When a joke just isn’t funny
Controversial humour. We’ve all heard the ‘jokes’ that fit this category before. They range from somewhat acceptable digs at ‘yo mama’ to serious jibes about culture, race, religion and sexual preferences.
It was also the disclaimer of sorts that Facebook inserted into the Aboriginal Memes URL before the page was eventually taken down yesterday—as if to say it was more acceptable when operating under the guise of humour.
Copycat pages have since surfaced in a more horrible (hard to fathom), albeit a somewhat less targeted format just hours after the Aboriginal Memes page was no longer accessible: “Things that will offend people,” and “Being offensive for the hell of it”, are just some of the latest distasteful outlets which have emerged solely for the purpose of offending people.
It makes you wonder: what kind of person actually seeks out to offend others anyway? What do your friends, colleagues, and neighbours think of issues like this?
Yesterday, it was revealed that all kinds of everyday Australians had ‘liked’ the hate-filled page. People proudly ‘liked’ the appalling comments and pictures, despite many of them absent-mindedly listing their workplaces on their profiles. They were people who claimed to be from facets of our own Government: from the Australian Navy, Consumer Affairs Victoria, and Centrelink.
Sure, you’re entitled to have an opinion. But perhaps you might want to clear your personal viewpoints with your employer first to check that you’re representing their thoughts accurately too? Unless, of course, your resume declared that you were a fan of dark humour with racist overtones.
But you also have to ask if this just a case of people being too easily offended these days. Are we all just too damn sensitive?
For one thing, Tony Abbott says it’s a key word he plans to ditch from the Racial Discrimination Act if elected to office, declaring that the freedom to ‘offend’ should be a fundamental component of free speech.
The section he refers to—18C—currently deems it unlawful to do or say something that ‘‘is reasonably likely, in all the circumstances, to offend, insult, humiliate or intimidate another person or a group of people’’ on racial or ethnic grounds.
So, where is the line? Well there’s some shit that just isn’t funny. Laughing at the disadvantage that is faced by some is one such instance.
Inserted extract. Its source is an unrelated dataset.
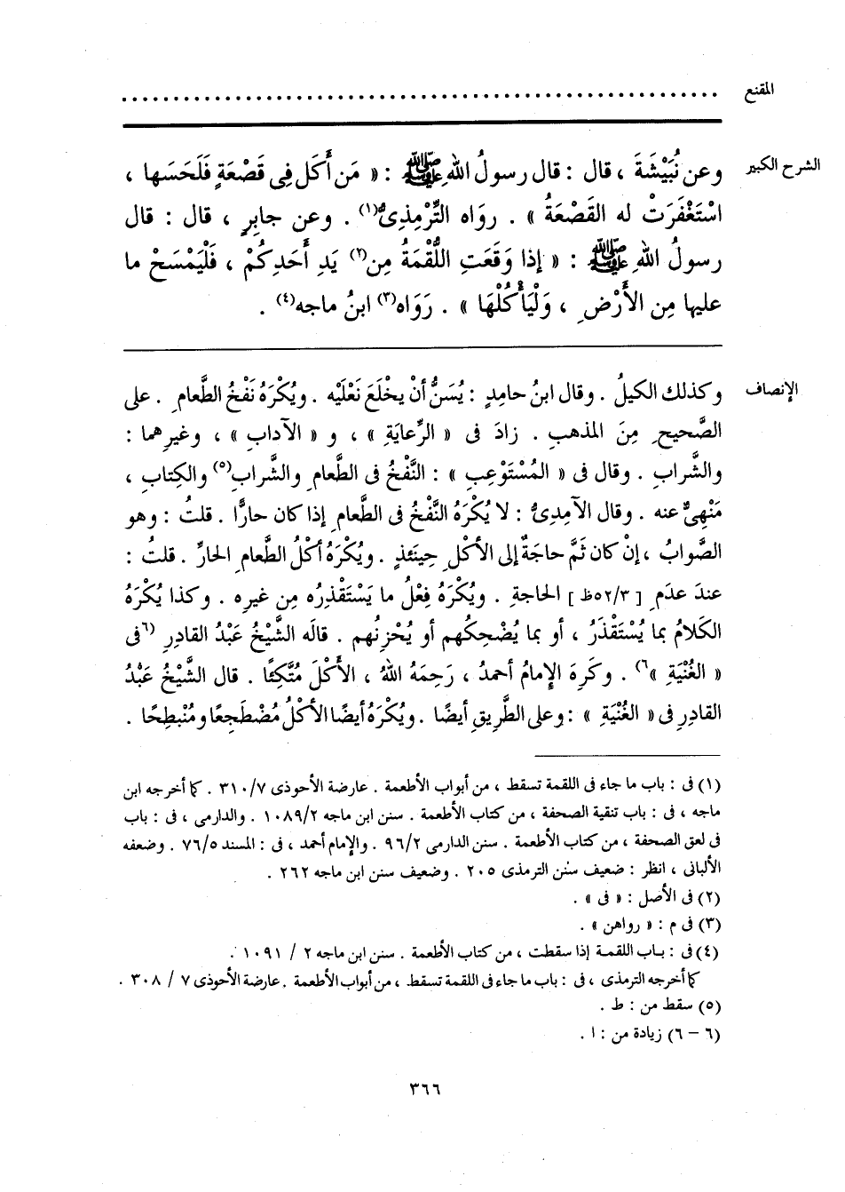 وكذلك الكيلُ. وقال ابنُ حامِدٍ: يُسَنُّ أَنْ يخْلَعَ نَعْلَيْه. ويُكْرَهُ نَفْخُ الطَّعامِ. على الصَّحيحِ مِنَ المذهبِ. زادَ فى «الرِّعايَةِ»، و «الآدابِ»، وغيرِهما: والشَّرابِ. وقال فى «المُسْتَوْعِبِ»: النَّفْخُ فى الطَّعامِ والشَّرابِ (¬1) والكِتابِ، مَنْهِىُّ عنه. وقال الآمِدِى: لا يُكْرَهُ النَّفْخُ فى الطَّعامِ إذا كان حارًّا. قلتُ: وهو الصَّوابُ، إنْ كان ثَمَّ حاجَةٌ إلى الأكْلِ حِينَئذٍ. ويُكْرَهُ الأَكْلُ الطَّعامِ الحارِّ. قلتُ: عندَ عدَمِ الحاجةِ. ويُكْرَهُ فِعْلُ ما يَسْتَقْذِرُه مِن غيرِه. وكذا يُكْرَهُ الكَلامُ بما يُسْتَقْذَرُ، أو بما يُضْحِكُهم أو يُحْزِنُهم. قالَه الشَّيْخُ عَبْدُ القادِرِ [فى «الغُنْيَةِ»] (¬2). وكَرِهَ الإِمامُ أحمدُ، رَحِمَهُ اللَّهُ، الأَكْلَ مُتَّكِئًا. قال الشَّيْخُ عَبْدُ القادِرِ فى «الغُنْيَةِ»: وعلى الطَّرِيقِ أيضًا. ويُكْرَهُ أيضًا الأَكْلُ مُضْطَجِعًا ومُنْبطِحًا.

But enter the clever placement of the words like ‘controversial’ or ‘humour’, and it seems you’ve got yourself some kind of justification for it.
Other pages that Facebook deems ‘controversial humour’? Well there are ‘dead baby jokes’, ‘racist jokes’, and a myriad of others that endeavour to make light of everything from disabilities to sexual preferences. On the whole, it’s shocking stuff.
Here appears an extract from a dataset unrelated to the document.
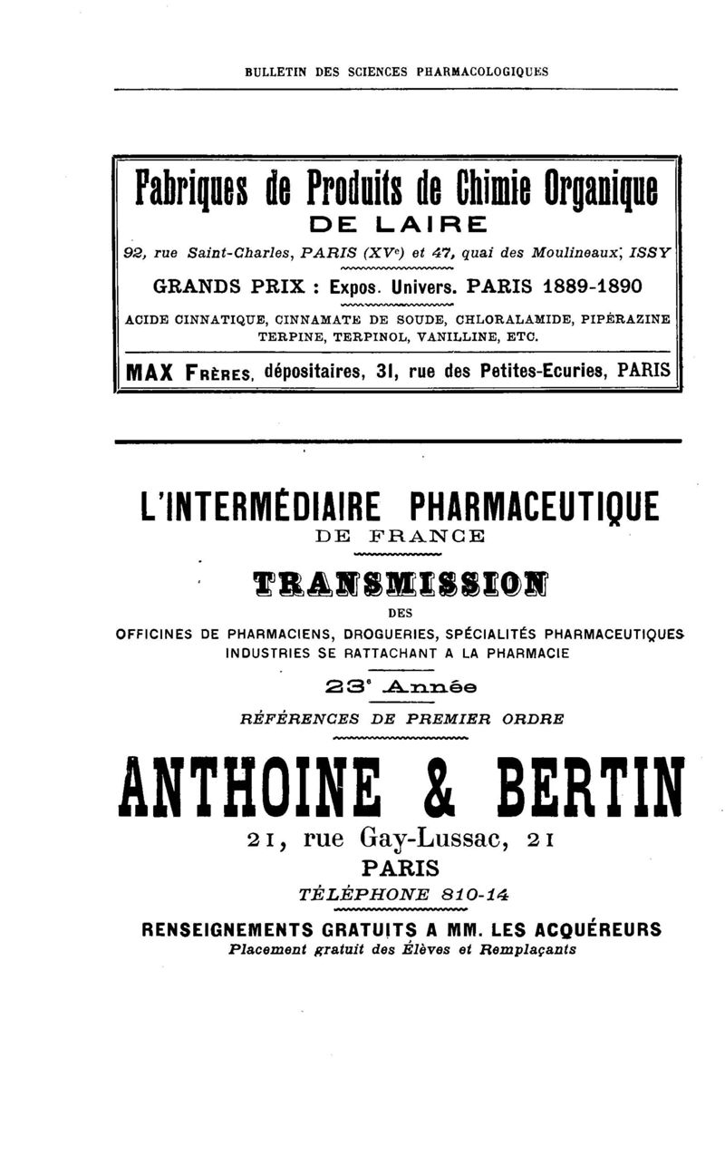 Bulletin des sciences pharmacologiques : organe scientifique et professionnel [Annexes : partie professionnelle et commerciale]

But it seems that’s what it’s all about. Indeed, the creator of the page devoted to ‘dead baby jokes’ concedes it is all about the shock factor: “...it was obvious to me that these types of jokes were purely figurative, simple dramatic irony with a play on shock humor. I find it hard to see how a conscious intellectual could view these jokes as literal, but unfortunately this world is not filled with conscious individuals. Dead baby jokes are funny because they incite controversy and are unexpected.”
But perhaps a reasonable person would say they are unexpected because of how far we have truly come as a society. This kind of behaviour simply shouldn’t exist in this day and age. It many ways, it reeks of an era that our country has tried so hard to leave behind and evolve beyond.
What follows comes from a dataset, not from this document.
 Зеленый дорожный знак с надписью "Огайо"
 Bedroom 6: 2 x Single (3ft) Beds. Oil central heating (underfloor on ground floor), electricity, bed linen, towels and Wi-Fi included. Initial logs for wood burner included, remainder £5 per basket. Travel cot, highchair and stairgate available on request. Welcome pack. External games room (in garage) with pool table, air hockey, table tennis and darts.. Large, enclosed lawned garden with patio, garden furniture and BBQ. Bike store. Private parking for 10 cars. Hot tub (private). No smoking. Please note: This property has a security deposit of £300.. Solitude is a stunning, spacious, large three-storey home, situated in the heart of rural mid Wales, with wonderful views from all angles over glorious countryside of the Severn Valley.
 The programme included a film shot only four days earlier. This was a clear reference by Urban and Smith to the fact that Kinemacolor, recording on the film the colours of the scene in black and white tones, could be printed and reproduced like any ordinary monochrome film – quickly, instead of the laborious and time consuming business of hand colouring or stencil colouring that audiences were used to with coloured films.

But even before Facebook’s ‘memes’ became commonplace, this kind of scenario was already doing the rounds at pubs, dinner tables, and on television screens near you. Controversial humour, that is. It just wasn’t so readily accessible. It didn’t have the exposure that it does on social media.
Are you appalled? Disgusted? Well, you wouldn’t believe it, but the creator of ‘dead baby jokes’ has some (mostly) sensible advice for you: “...if you really are as *outrageously* offended by these jokes as you say you are, due to personal experiences, delusional moral standards, or whatever I recommend you not post on my wall, you’re not going to find sympathy or relief from your grief, you’re also not changing anything or making the world a better place, you’re giving internet trolls something to do…”
The message is this: while we can’t escape the fact that some people will offend just for the sake of it, we can do something to minimise our exposure to it—at least to some extent.